§ **What you have to do**: Leaving out the pictures, retype the lines from the beginning of the listing through the line containing "The highest toughness".

↓

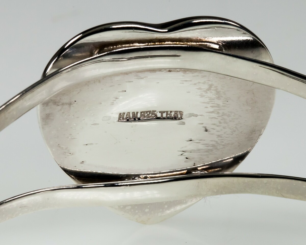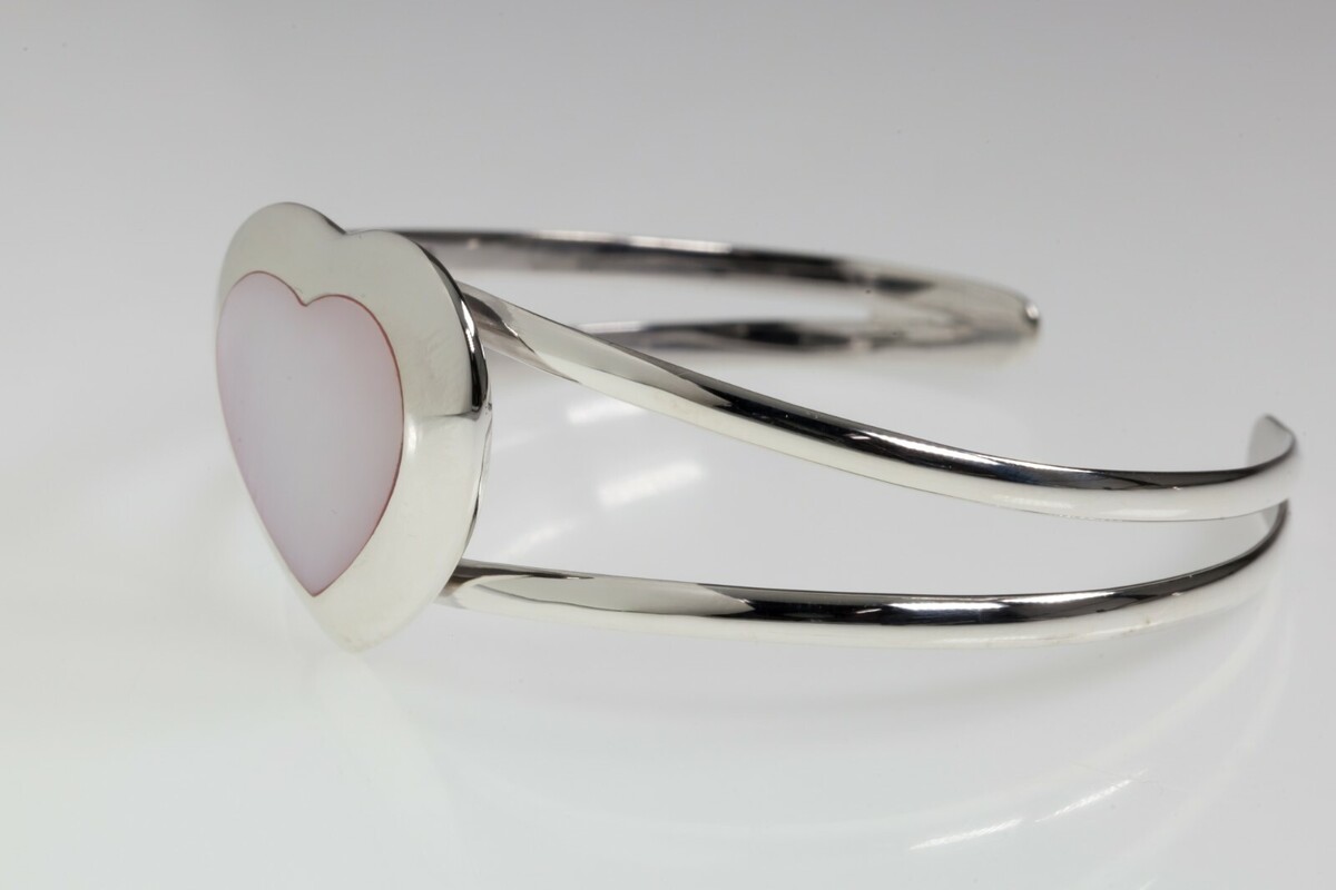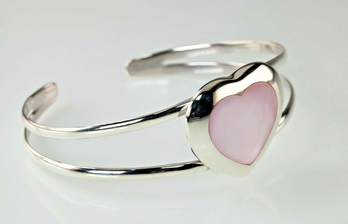 Damen Sterling Silber Rosa Perlmutt Herz Armreif
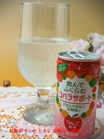 モニターでリンゴ味を飲みました。 私はもともとゆず味の時から愛用していたので、これまとめ買いしたいなぁと思っていたときに飲むことができました。 これよくできていて、お茶を飲んだ後とか凄い空腹のときは満腹にならなく、本当でご飯食べたいなぁと思ったときに飲むと1時間以上電車に乗っていてもお腹がすくことがなく、のどが渇くことしかめったに感じないというほどの飲み物なのです。 それは食物繊維ペクチンと、空腹の胃液の強酸性が反応して膨らむのをコバラセンサー技術と大正製薬独自の特許取得の飲み物だからなので...
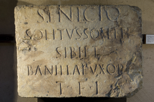 • ISCRIZIONI fronte - Senicio / Solitus, Soliti f(ilius), / sibi et / Banillae uxor[i]. / T(estamento) f(ieri) i(ussit). - Lettere posate maiuscole - Incisione - latino
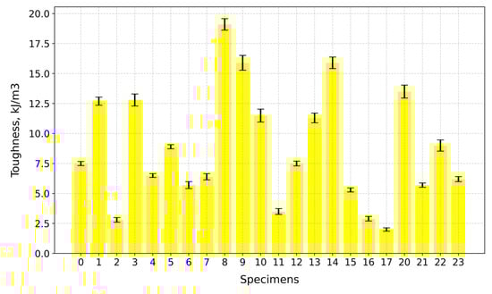 The highest toughness value is observed for Specimen 8 (A+P+15Gl) at 19.1 kJ/m3, while the lowest is for Specimen 17 (A+P+Ch+5GA) at 2.0 kJ/m3, as can be seen in Figure 16.
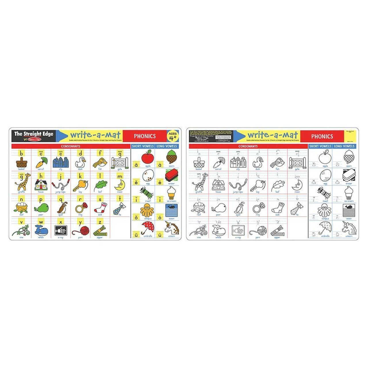 Add new excitement to mealtime with these Melissa & Doug educational and entertaining double-sided, write on, wipe off placemats. These durable activity mats are ideal for use with write on, wipe off crayons and are available in a range of topics from math to maps! Practice and learn all about consonants & vowels.

↑

§ **Solution for this problem**:
 Damen Sterling Silber Rosa Perlmutt Herz Armreif
 モニターでリンゴ味を飲みました。 私はもともとゆず味の時から愛用していたので、これまとめ買いしたいなぁと思っていたときに飲むことができました。 これよくできていて、お茶を飲んだ後とか凄い空腹のときは満腹にならなく、本当でご飯食べたいなぁと思ったときに飲むと1時間以上電車に乗っていてもお腹がすくことがなく、のどが渇くことしかめったに感じないというほどの飲み物なのです。 それは食物繊維ペクチンと、空腹の胃液の強酸性が反応して膨らむのをコバラセンサー技術と大正製薬独自の特許取得の飲み物だからなので...
 • ISCRIZIONI fronte - Senicio / Solitus, Soliti f(ilius), / sibi et / Banillae uxor[i]. / T(estamento) f(ieri) i(ussit). - Lettere posate maiuscole - Incisione - latino
 The highest toughness value is observed for Specimen 8 (A+P+15Gl) at 19.1 kJ/m3, while the lowest is for Specimen 17 (A+P+Ch+5GA) at 2.0 kJ/m3, as can be seen in Figure 16.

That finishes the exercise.